ISLAMABAD: The body of missing Pakistani climber Mohammad Ali Sadpara has been found below 300m from the bottleneck K2, ARY News reported on Monday.
Gilgit-Baltistan (GB) information minister Fatehullah Khan told ARY News that the bodies of Mohammad Ali Sadpara and John Snorri were recovered.
‘Three bodies’ of the missing climbers were spotted from binoculars at 9:00 am today and it will take some days to bring the bodies to the base camp through Pakistan Army helicopters, he said. Khan added that Sadpara’s body was identified from the dress he wore during the winter summit.
Sources said that two bodies have recovered near K2 base camp 4 and they may belong to Mohammad Ali Sadpara and Iceland’s John Snorri. It was learnt that both bodies were found at a great distance from each other, whereas, the bodies are being identified.

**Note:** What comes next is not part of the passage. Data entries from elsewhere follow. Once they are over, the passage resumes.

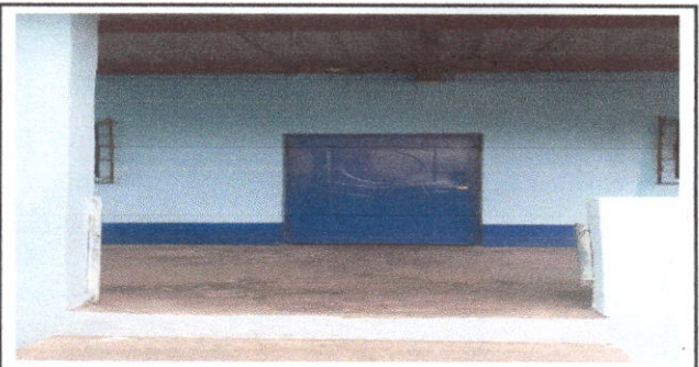
FOTO 6: SUSTITUCIÓN DE VENTANAS DE MADERA POR METAL MÁS VIDRIO Y PINTURA EN MUROS EXTERIORES E INTERIORES

Observación: Si es necesario se pueden agregar hojas adicionales y actualizar el número de hojas.
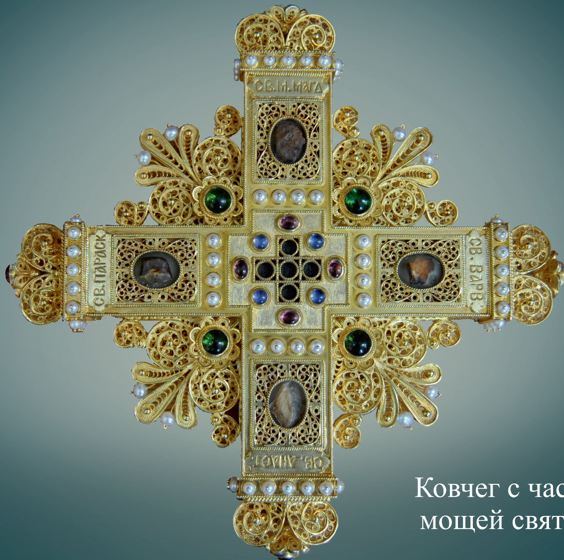
Ковчег с частицами мощей святых жен
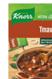
Zápražka tmavá 0,25 kg
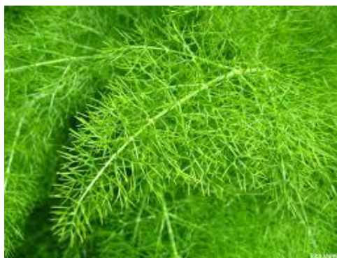
Slika 3. List komorača

Listovi komorača su modrozeline boje, višestruko perasto podijeljeni, sazdani od mnoštva uskih liski (Slika 3). Duljina listova može doseći do 40 cm. Listovi su mekani, glatki i mirisni, smješteni na dugim peteljčkama koje uz pomoć lisnih rukavaca obuhvaćaju stabljiku. Peteljke prizemnih listova su dulje, od peteljki listova smještenih na sredini stabljike. Vršni listovi mogu biti sjedeći (Šilješ i sur., 1992.).
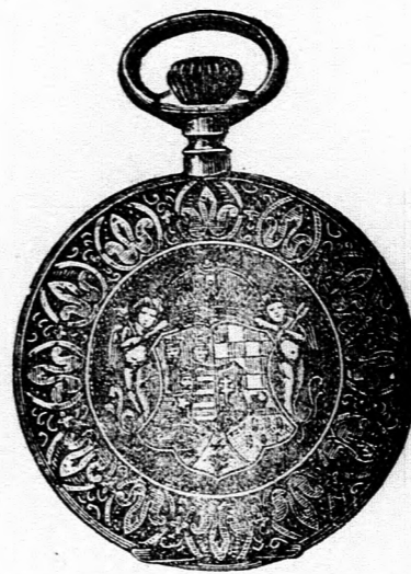
Kitűnő járatu tula horgonyremontoir óra, aranyozott szegélyvel és Magyarország domborművű ezimérel 9 frt.
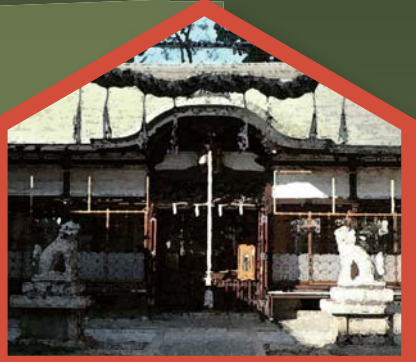
Amamikoso Jinja 阿麻美許曾神社
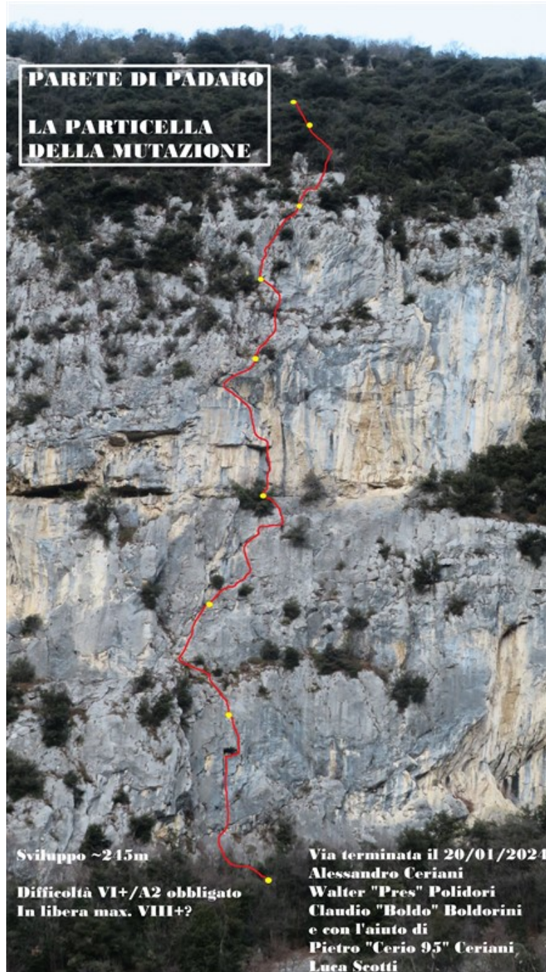
Parete di Padaro - La Particella della Mutazione
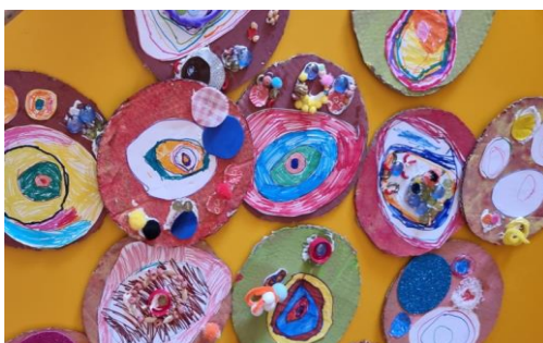
Εικόνα 8. Έργα τέχνης με αφορμή τους κύκλους του Καντίνσκι
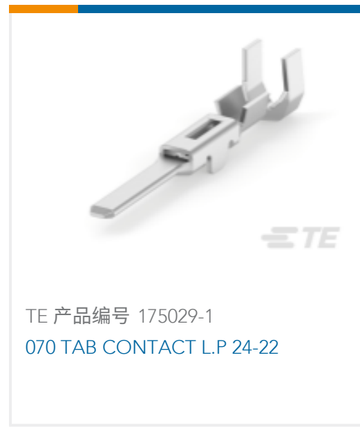
TE 产品编号 175029-1 070 TAB CONTACT L.P 24-22

Sadpara, a highly accomplished mountaineer from Skardu, went missing on the mighty K2 while attempting a winter summit with Iceland’s John Snorri and Chile’s Juan Pablo Mohr in January. The team had been missing since February 5, even after multiple rescue efforts.
Pakistan Army held a rescue operation for the missing mountaineers for many days. Sadpara’s son declared his father dead after the conclusion of days-long search mission.
Mohammad Ali Sadpara holds the distinction of being the only Pakistani to have summited eight of the world’s 14 highest mountains. He is also credited with the first-ever winter ascent of the world’s ninth highest peak, Nanga Parbat.
Sajid Sadpara also accompanied his father during the ascend, however, he had to return to the base camp after being sent back from 8200 kilometers altitude owing to a malfunction in his oxygen regulator.
Sajid Sadpara had earlier claimed that his father and other climbers went missing on their return after they completed the summit.
In June, Sajid Sadpara had announced to once again summit K-2 to find remains of his father Muhammad Ali Sadpara and Iceland’s climber John Snorri, who went missing while attempting a winter summit.
Sajid Sadpara had made the announcement at a presser at National Press Club in Islamabad, saying that his father and John Snorri went for the K-2 summit in January.
“I wanted to thank all those people who helped in a mission to locate them,” he had said while applauding the Pakistan Army that launched one of the biggest rescue operations to find both the climbers.
He had said that it was now time for him to reach the summit and find if they had left any traces for him to locate their bodies. “It may be possible that they had returned before climbing the peak,” he said.